# Pronunciation: 为



## Inquisit

I'm confused as to when 为 is pronounced with a second tone, and when with a fourth tone. I realise 为 has many different meanings, but are there some common features that might help me to know which pronunciation is appropriate?


----------



## xiaolijie

There are many meanings associated with this character but for beginning learners, it may work better to consider 为 as two separate characters, each with one basic meaning:
为 (wei4): for/ because (of).
为 (wei2): be/ become.

One these usages have been mastered, it'd become easier to increase our knowledge of 为 in more subtle and sophisticated directions.


----------



## Inquisit

Thanks xiaolijie, that's a good starting point.


----------



## Youngfun

What about 因为?

To me it seems that it's pronounced more often with 2nd tone in Northern China, and with the 4th tone in the South.


----------



## YangMuye

Youngfun said:


> What about 因为?
> To me it seems that it's pronounced more often with 2nd tone in Northern China, and with the 4th tone in the South.


Maybe it has somewhat retained its original meaning.
因(According to)为(do)

How do you read 何为 such as in 何为不去也？(why don't you just leave here?)


----------



## Youngfun

I don't know... sometimes I read 2nd tone, sometimes 4rd tone.
Maybe more often 2nd tone, because it's 文言文...

But in real life I always say 因为 with 4rd tone... later I learnt it should be 2nd tone... but I'm accostumed to my wrong pronunciation...

But I always say 以为 with 2nd tone. Here the 为 also means "to do"?


----------



## YangMuye

I always read “he2wei2” and I have never heard “he2wei4” before.
The 为 actually means “for”, but it's very common and can be seen in many language that phrases originally meaning “to do” are used to express “for”.
In the dialect I speak, we say “干什么/干啥” instead “为什么” too.
In Japanese they say(I write them in 漢字, which isn't the way Japanese people do), “どうして”(如何為而), “なにし”(何為)

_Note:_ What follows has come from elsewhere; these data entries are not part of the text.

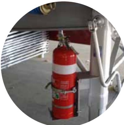
Dangerous Goods Fire extinguishers and DG signage
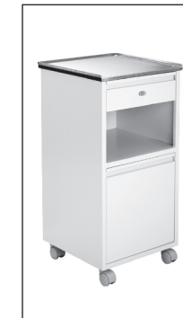
Ax1006 / Ax1006A
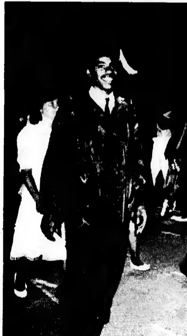
Ready to start on a new job
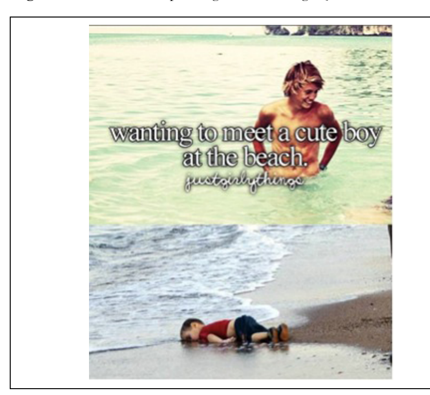
Figure 5. Available at: http://i.imgur.com/bts3rPY.png.

On one hand, this exchange shows that the racist nationalism on the subreddit was not universal, and perhaps that some users were unaware that the humor cloaked other agendas. On the other hand, it is also an
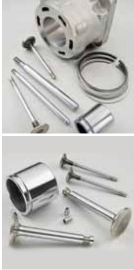
Figure 1-2: Automotive parts plated in a hard chrome bath with Fumetrol® 21 LF 2
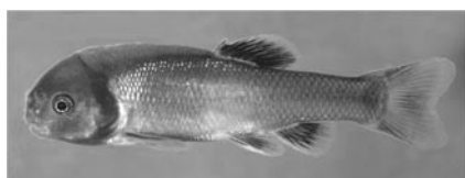
FATHEAD MINNOW

The quantitative Fathead minnow Vtg ELISA Kit is developed for a standard OECD test species used in many ecotoxicological testing laboratories throughout the world, the fathead minnow ( Pimephales promelas ). The assay can be used for analysis of both blood plasma and whole body homogenate samples).
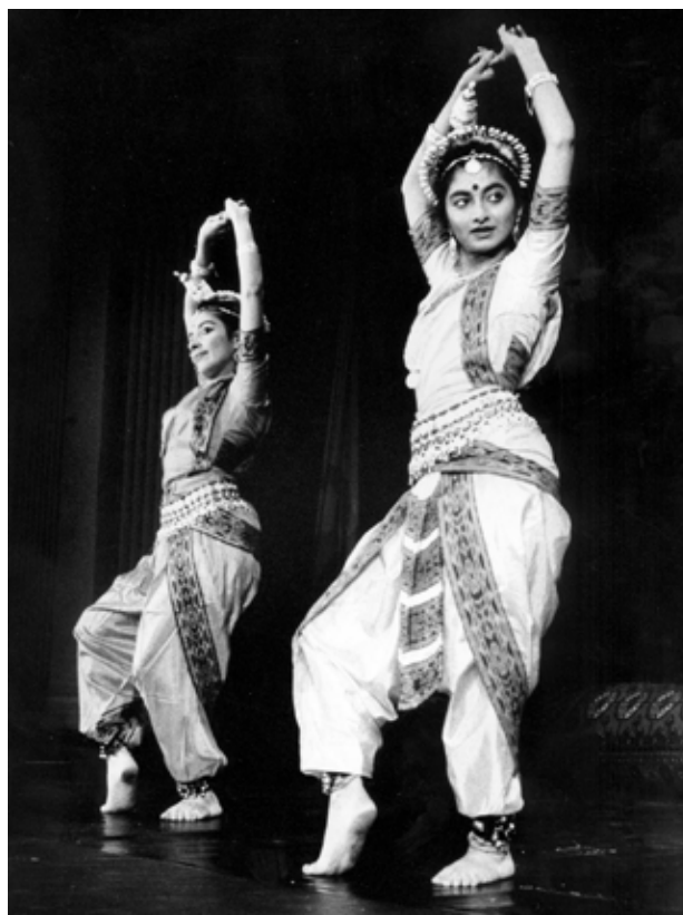
Banerjee Sisters, Gandhi Weekend Celebrations, Old Town Hall, Stratford. 16 Nov 1991

> But in real life I always say 因为 with 4rd tone... later I learnt it should be 2nd tone... but I'm accostumed to my wrong pronunciation...


The 4th tone is right because the 为 is a preposition here.
But wei2 is common, too. Is it a misreading, or a special case where the archaic pronunciation is retained? I don't know.



> But I always say 以为 with 2nd tone. Here the 为 also means "to do"?


Maybe the meaning “to do/make” is derived from the older meaning: “become/let it be”, “constitute”, “consist”, etc.
It's also a preposition-like verb here which means “as/to be”.
The phrase is short for “以之为”, take(以)it(之)为(as), and was later shortened to “以”.
Its pronunciation and meaning are the same as in “视为”“认为”“作为” and so on.
In colloquial Chinese, we usually use 做/作 or 成 instead. “看作”“当作”“听成”...

EDIT:
It seems that the pronunciation “wei4” is later than “wei2”. It didn't appear in 唐韵.
Anyway, pronouncing wei4 when it means “for/ because (of)” is a safe choice.


----------



## Youngfun

Maybe sometimes I read it "he2wei4" because I think about its meaning "for".
But sometimes I read it "he2wei2" because I think wei2 is more common in 文言文。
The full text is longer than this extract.